Women are taking a ‘rain check’ on babies, and it could change the shape of the economy

millennialskids_ Alexi Rosenfeld
The number of births have been declining during the pandemic.

  • America is seeing a “baby bust” as women put off having kids during the pandemic.
  • The drop in births intensifies a pre-pandemic trend of decreasing birth rates and fertility rates.
  • It could slow down the economy in the long term, but it could also result in a delayed baby boom.
  • See more stories on Insider’s business page.

The predicted baby boom is looking more like a baby bust.

While many thought a year locked up would lead to some serious babymaking, Brookings Institute economists Melissa Kearney and Phillip Levine forecasted the opposite last June: The pandemic would lead to 300,000 to 500,000 fewer births in 2021, they said.
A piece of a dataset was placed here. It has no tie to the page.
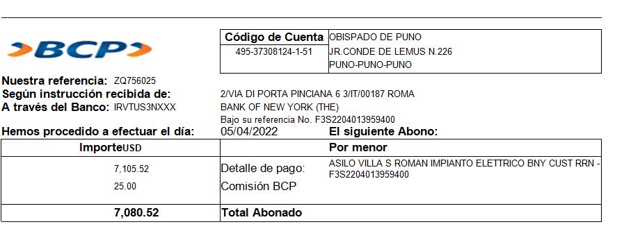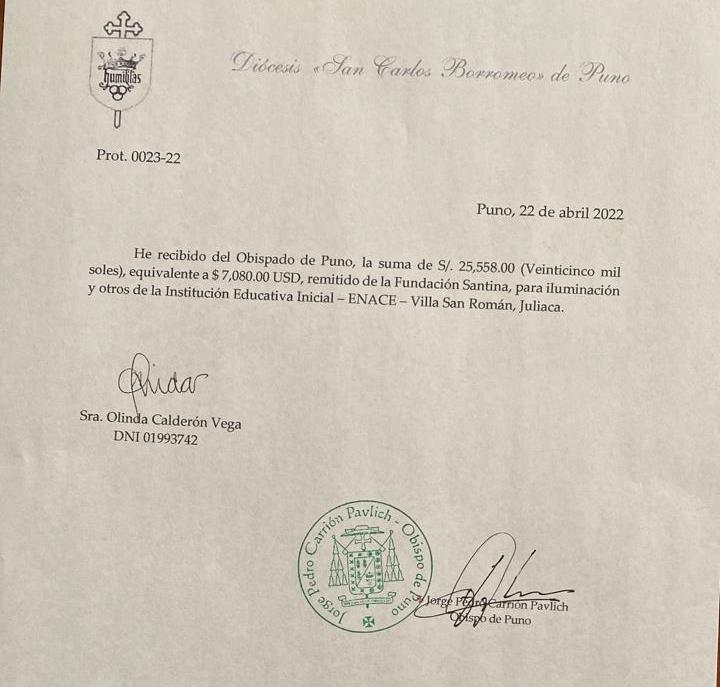 Ringraziamo S.E. Mons. Jorge Pedro Carrión Pavlich Vescovo di Puno, sotto la cui giurisdizione ecclesiastica appartiene Villa San Roman, per la cura con la quale ci ha inviato la ricevuta del denaro sul conto della Diocesi, in data 5 aprile 2022, che qui di seguito riportiamo

So far, their predictions are on track.

Nine months after the first lockdowns began in the US, the number of births in the country had declined by 7%, according to data provided to CBS News by health departments across more than 24 states. And fertility rates – the number of live births a woman is expected to have over her lifetime – are already lower in the first few months of 2021, said Christine Percheski, associate professor of sociology at Northwestern University.

“We’re going to see many fewer babies in 2021,” she told Insider.
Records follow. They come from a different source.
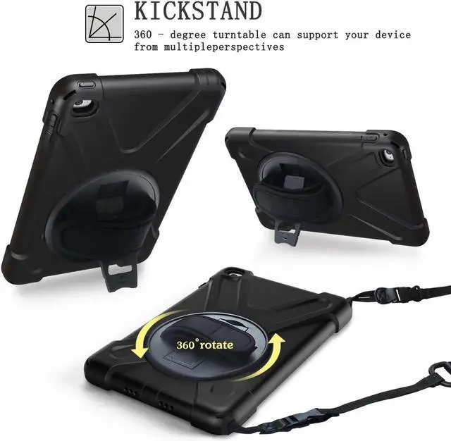 Compatibility: This product has a series of models with different colors for tablet but only for iPad mini 4, NOT fit other models. Please confirm the product before purchase. Unique multifunction three layers rugged protection design case with kickstand + a hand strap + a shoulder strap. 360 degrees rotatable kickstand & The adjustable hand strap mechanism for better experience with your iPad. Ideal for kids, students, teachers or anyone else who needs it for presentations, conferences and travelling. Adjustable removable shoulder straps. Attach strap to any two holes to carry your device vertically or horizontally like a messenger bag / neck bag / sling / harness or holster. allows you to display your tablet behind one seat for personal viewing or between two seats for shared viewing Professional Design Drop proof Case ONLY for ipad mini 4
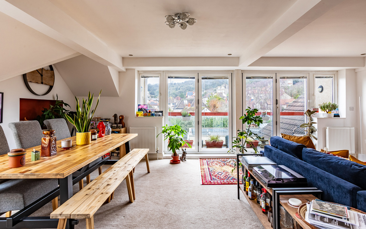 A stunning and exceptionally spacious two bedroom penthouse loft apartment in the prestigious Kew Gardens development on Weston Hillside with breathtaking views from a stunning balcony looking towards Weston Woods.
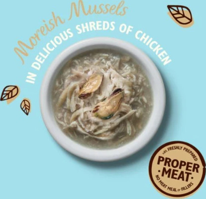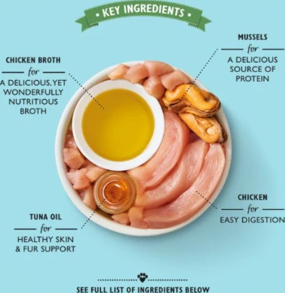 Ingredients - Freshly Prepared Chicken (45%), Mussels (3%), Chicken Broth (47%), Sunflower Oil, Minerals, Tapioca, Tuna Oil.
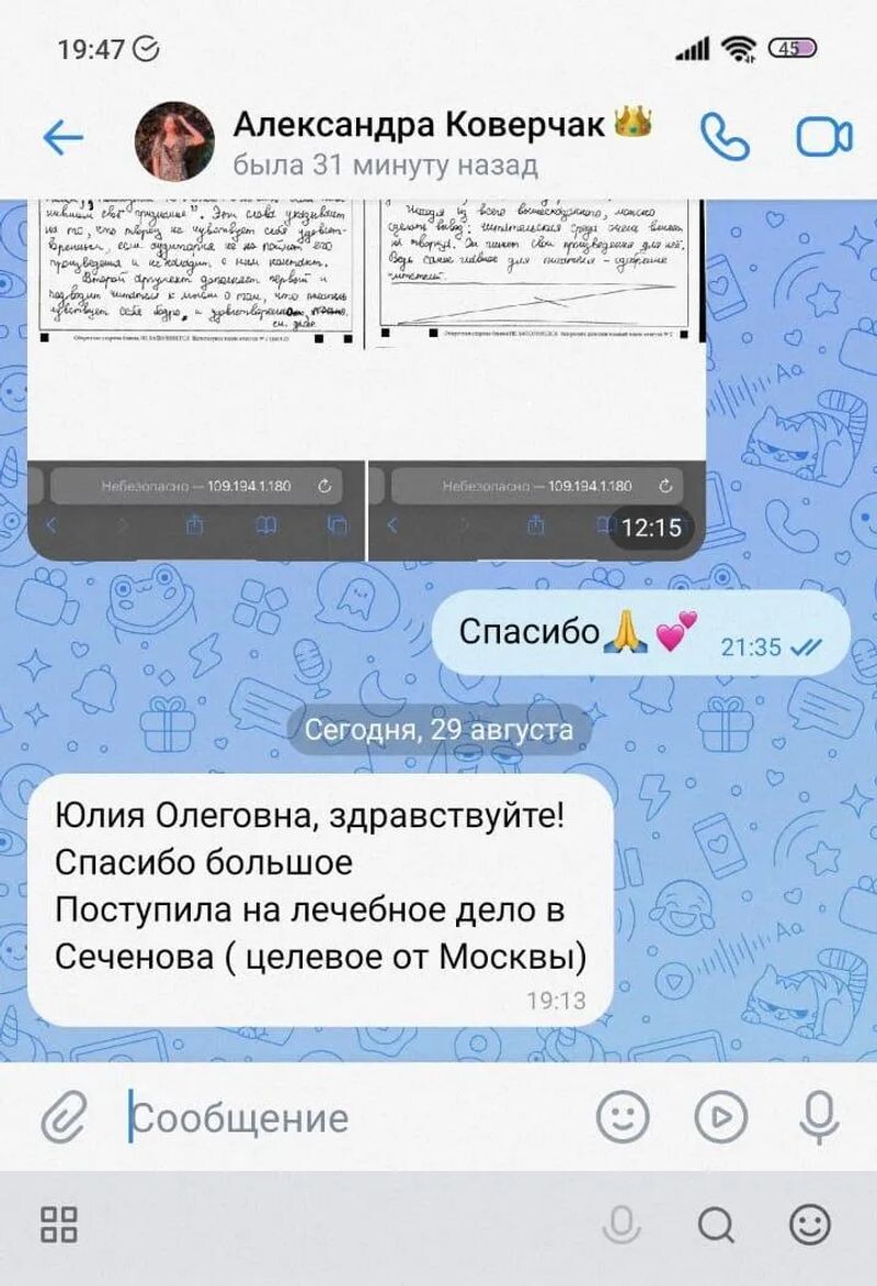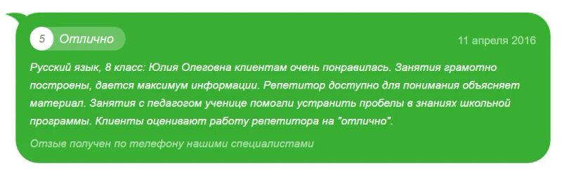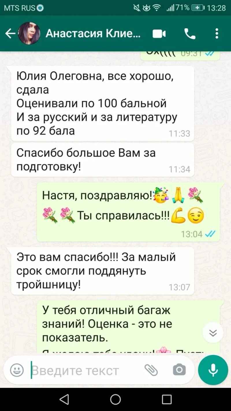 Юлия Олеговна – преподаватель очень классный. Она психологически хорошо нам помогла, морально подготавливала дочь перед экзаменом. Вот она действительно отлично с нами поработала. Эта женщина прекрасно справилась с поставленной задачей, а ведь у нас были и другие репетиторы до этого. Но к ЕГЭ по русскому языку мы именно с ней подготовились за предельно короткий срок и хорошо написали этот экзамен. За работу репетитору большое спасибо, дочь тогда отлично поработала с этим педагогом из Брянска.

The drop continues a pre-pandemic trend of declining birth rates and fertility rates, as childbearing women, many of whom are millennials, delay having children. Both of these rates decreased by 2% from 2017 to 2018, per the latest CDC data, with the birth rate hitting its lowest in 32 years. As of January 2020, the US fertility rate sat at 1.73 births per mother – a stark contrast from the peak in 1957 at 3.77 births per women.

Demographers have expressed concerns over what this means for the future of America, as the fertility rate is below the replacement rate – producing as many births each year as deaths – of 2.1 births per woman.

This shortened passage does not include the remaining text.